Extended Data Fig. 2: UnitedMet’s metabolite level predictions are consistent across 4 ccRCC datasets.
From: UnitedMet harnesses RNA–metabolite covariation to impute metabolite levels in clinical samples

a) Correlation plots of metabolite-level prediction performances, characterized by their spearman correlation between true ranks and predicted ranks, in all pairwise comparisons of 4 ccRCC datasets. Each dot represents a metabolite. Significant difference was assessed by the two-sided spearman correlation. b) Prediction uncertainty is negatively correlated with the prediction accuracy. Prediction uncertainty is estimated by quantifying the standard deviation of 1000 posterior draws of metabolite levels. For each metabolite, average standard deviation across all samples is associated with its prediction accuracy, characterized by spearman rho values between true ranks and predicted ranks. Each dot, colored by the proportion of censored measurements, represents a metabolite. Significant difference was assessed by the two-sided spearman correlation. c) The imputation performance for the TNBC dataset is assessed by spearman rho values between predicted values and their ground-truths across all simulated missing metabolites. Well-predicted metabolites with predicted ranks that show significant positive correlation (two-sided FDR-adjusted p < 0.1 and spearman rho > 0) with the actual ranks are labeled red. d) Predicted metabolite level changes in metabolic subtype C1 (n = 52 patient samples) v.s.

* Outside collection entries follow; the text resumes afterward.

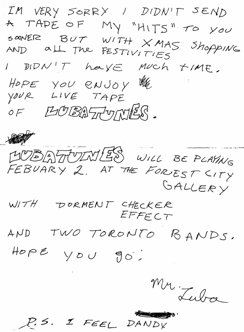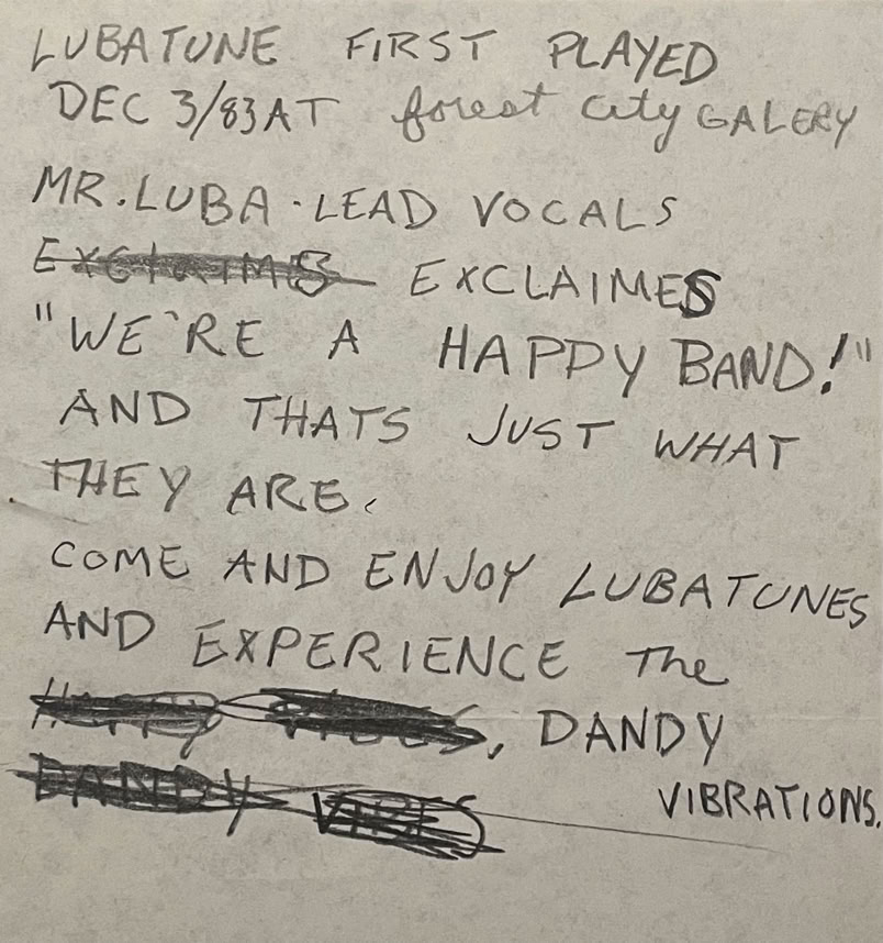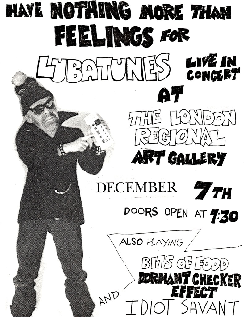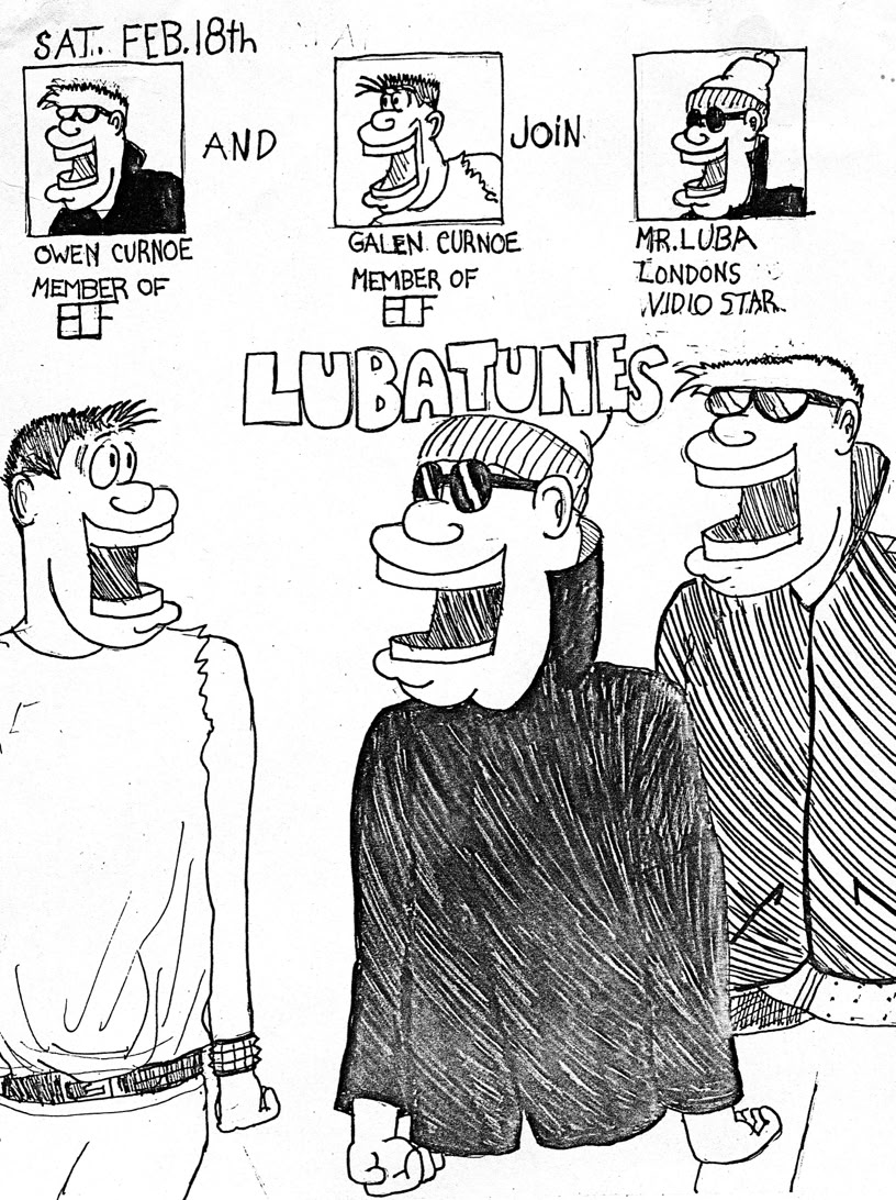 (1983-1986) Mr.Luba providing vocals, Owen Curnoe playing casios & drums, and Galen Curnoe playing guitar & drums.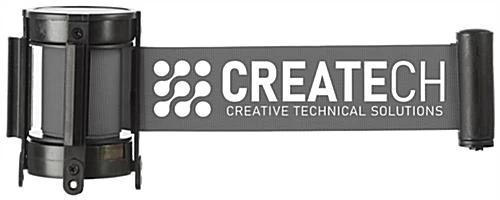 This is a gray custom stanchion belt with 1 color printing compatible with the QueuePole.Economy Series. Simply attach the 4 way adaptor to the post tops and secure with screws to begin configuring crowd control options. Available with single or double sided graphics, these retractable bands provide a 6.5′ area to showcase company logos, emblems, and messages. Silkscreen application is used on each nylon strap to create customizable branding while maintaining organization.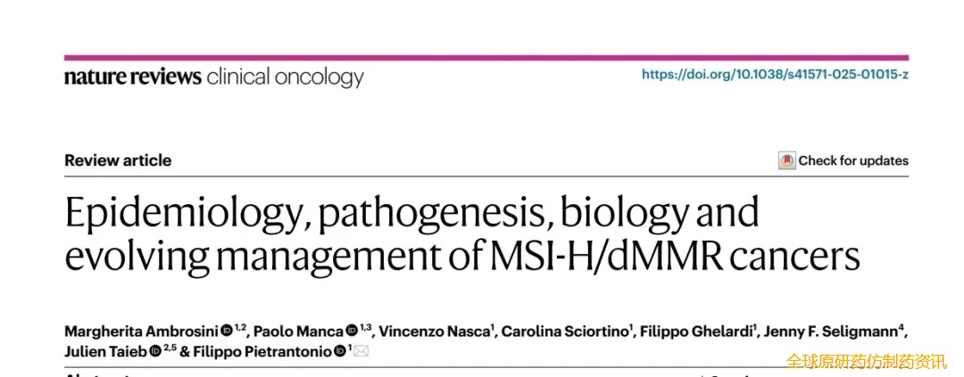 2025年4月,《自然评论临床肿瘤学/nature reviews clinical oncology》杂志(lF:81.1)发表了一篇题为《MSI-H/dMMR癌症的流行病学、发病机制、生物学和不断发展的管理》综述[8](图2)。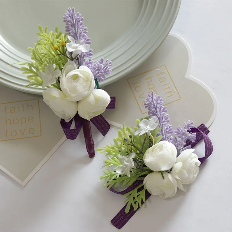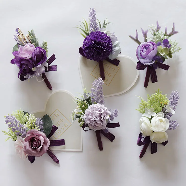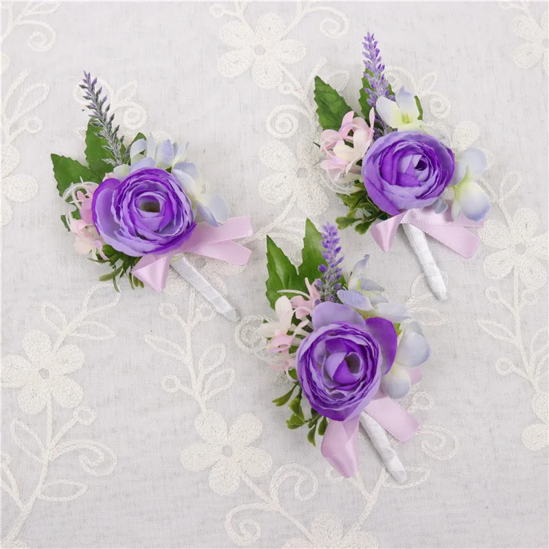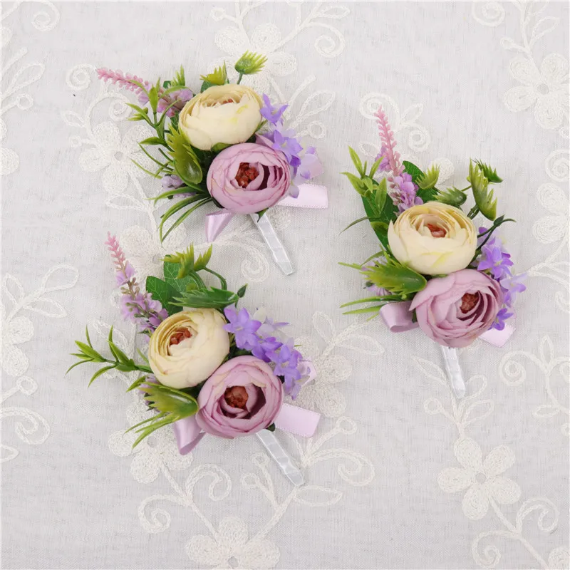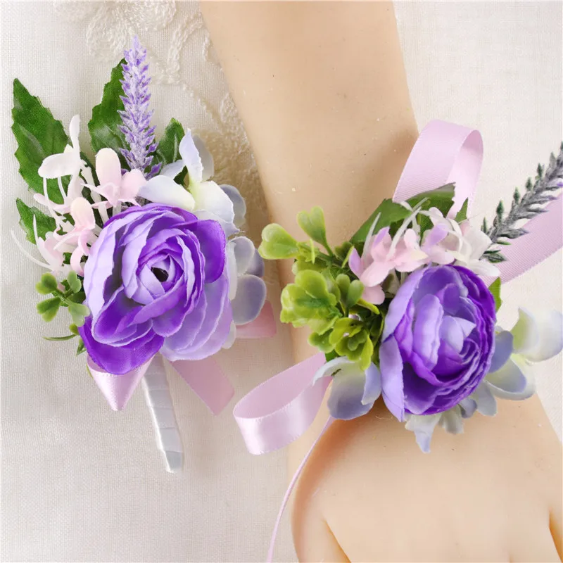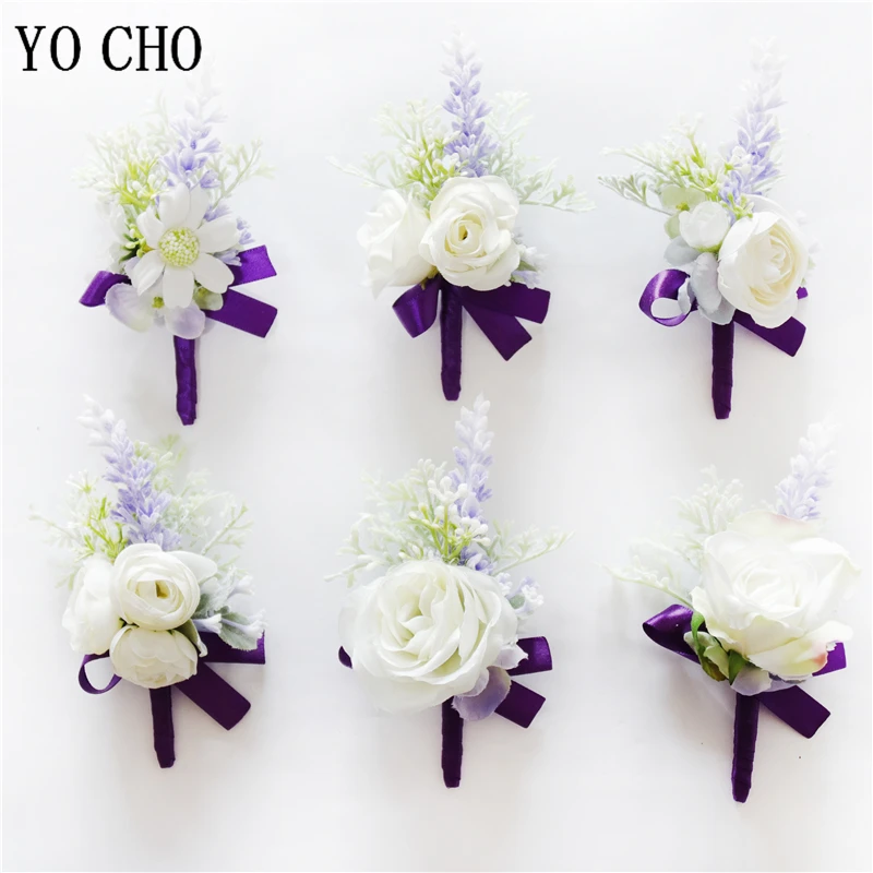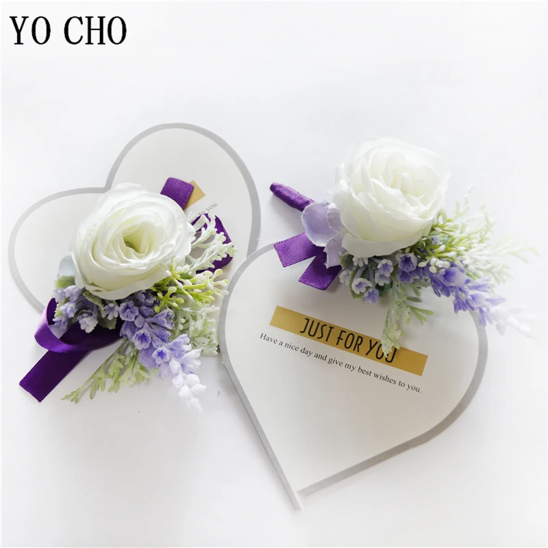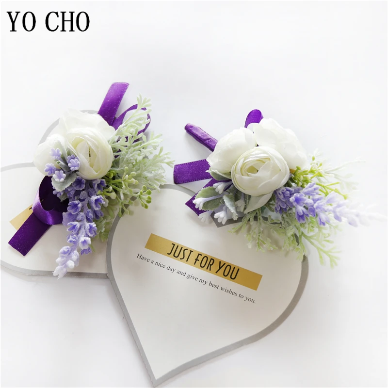 YO CHO красивая свадебная бутоньерка на запястье, браслет подружки невесты, сестры, ручная работа, цветы для мужчин, для вечеринки, выпускного вечера, темперамент, фиолетовый чай, Роза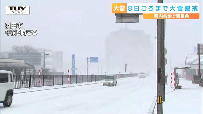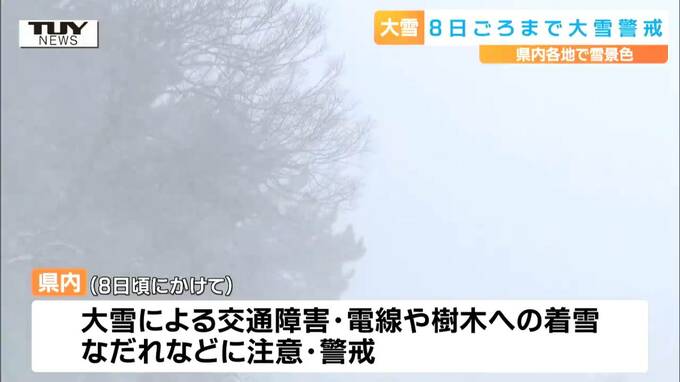 県内では8日頃にかけて、大雪による交通障害や電線や樹木への着雪、なだれなどに注意・警戒してください。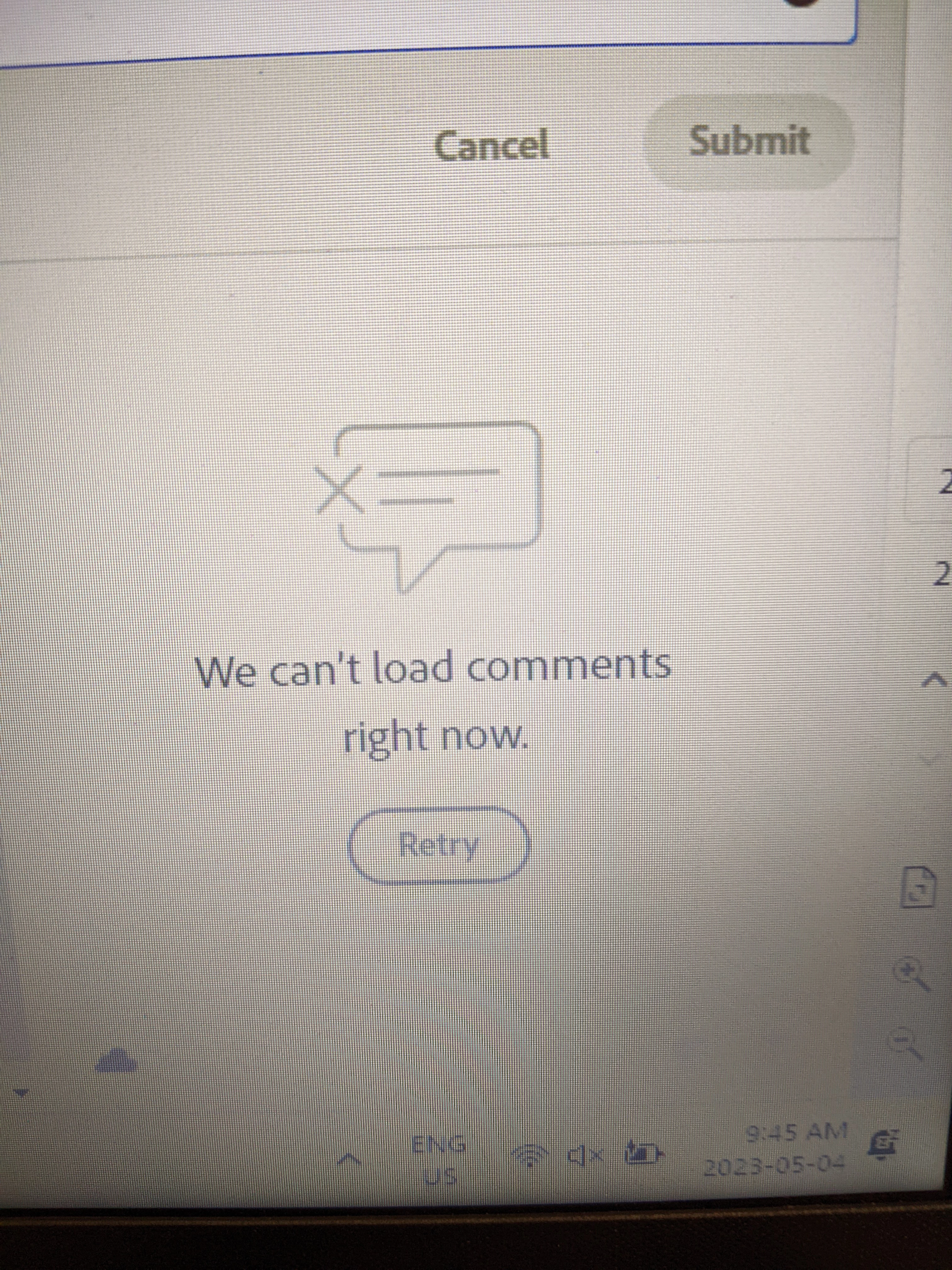 My client informed me that he used the pencil icon to add some markups on his proof then he input some comments. He hit the Submit button and the attached was the error he received. He says he left and came back a couple hours later and tried again and the same thing happened. I haven't had this happen to any other clients. Anyone else?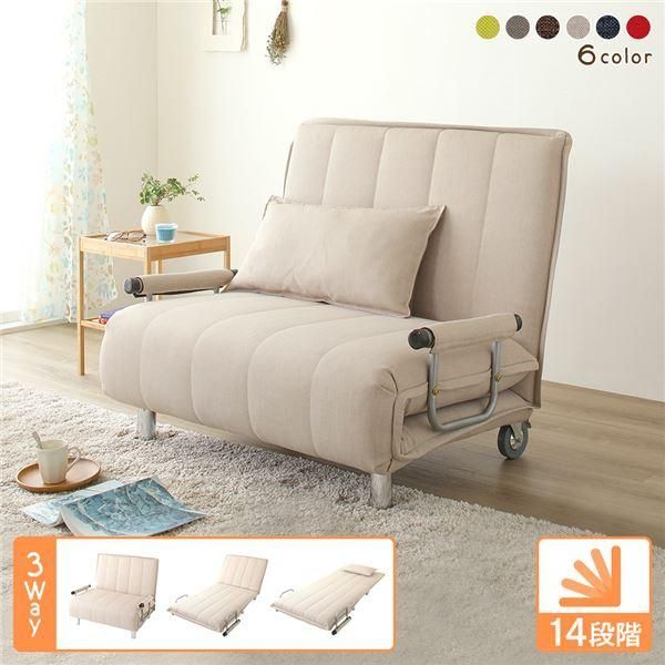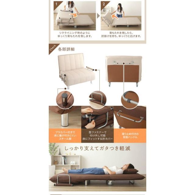 商品名:ソファーベッド 約幅101cm ベージュ 折りたたみ式 リクライニング キャスター 肘付き 3way カウチソファー リビング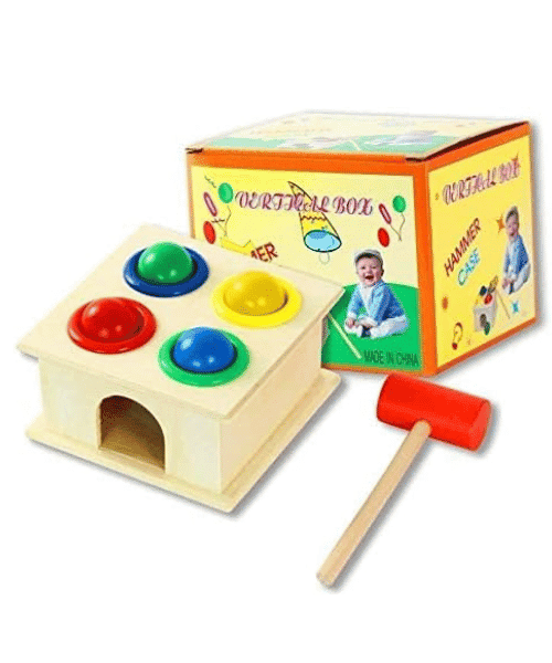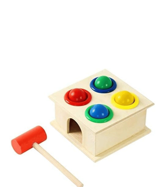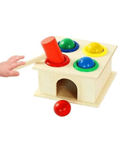 يضع الطفل الكرة في إحدى الفتحات العلوية، ثم يستخدم الشاكوش لضربها بلطف، مما يجعلها تنزلق وتخرج من الفتحة الأمامية، مما يخلق تجربة ممتعة تساعد في تطوير التنسيق الحركي والبصري.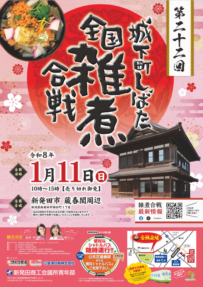 2025年12月26日 / 最終更新日時 : 2025年12月26日 admin お知らせ 1月11日(日)城下町しばた全国雑煮合戦 開催決定 日本最大級の雑煮フェス『城下町しばた全国雑煮合戦が』2026年決定第22回ともなる今回も寺町通りや諏訪神社など観光名所に囲まれた蔵春閣周辺で開催。会場には創意あふれる雑煮が終結!味わって、巡って、新発田の冬をご満喫ください!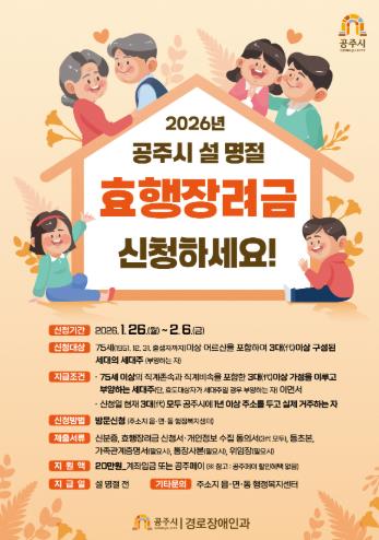 | ▲ 공주시, 설 명절 ‘효행장려금’ 20만원 지급 |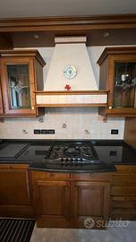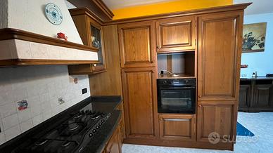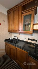 Vendo cucina in legno massiccio con ripiano in granito, lavandino Franke in fragrante nero con un lavandino grande, uno piccolo e il ripiano a scolo, tavolo con prolunga e 4 sedie il tutto in massiccio. Ingresso specchiato con armadio di 3 porte. Dimensione ingresso 1,70x1,20x2,15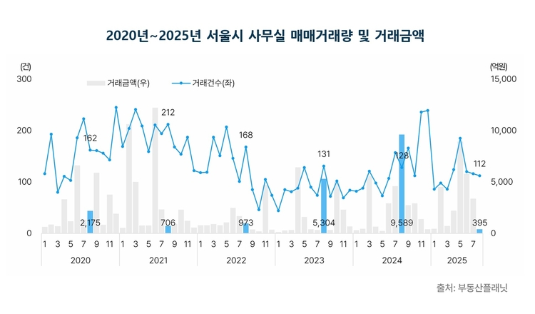 ![2020년~2025년 서울시 사무실 매매거래량 및 거래금액. [사진=부동산플래닛]](http://www.youthdaily.co.kr/data/photos/20251042/art_17604005272599_45b092.jpg)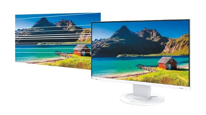 無閃爍的圖像顯示由於亮度控制的LED背光源方式,有少數人認為這是造成螢幕閃爍使眼睛疲勞的主要問題。FlexScan EV系列採用混合解決方案來調整亮度。

C2 samples (n = 119 patient samples) in the TNBC dataset. Top: Boxplots showing predicted metabolite levels in lipid metabolism. Bottom left: Boxplots showing predicted metabolite levels in glutathione metabolism. Bottom right: Boxplots showing predicted metabolite levels in sugar metabolism. p values are calculated by unpaired two tailed parametric t-tests. In the box plots, the center line represents the median, the bounds of the box indicate the interquartile range (25th to 75th percentiles), and the whiskers extend to 1.5 times the interquartile range. Individual data points are shown as dots.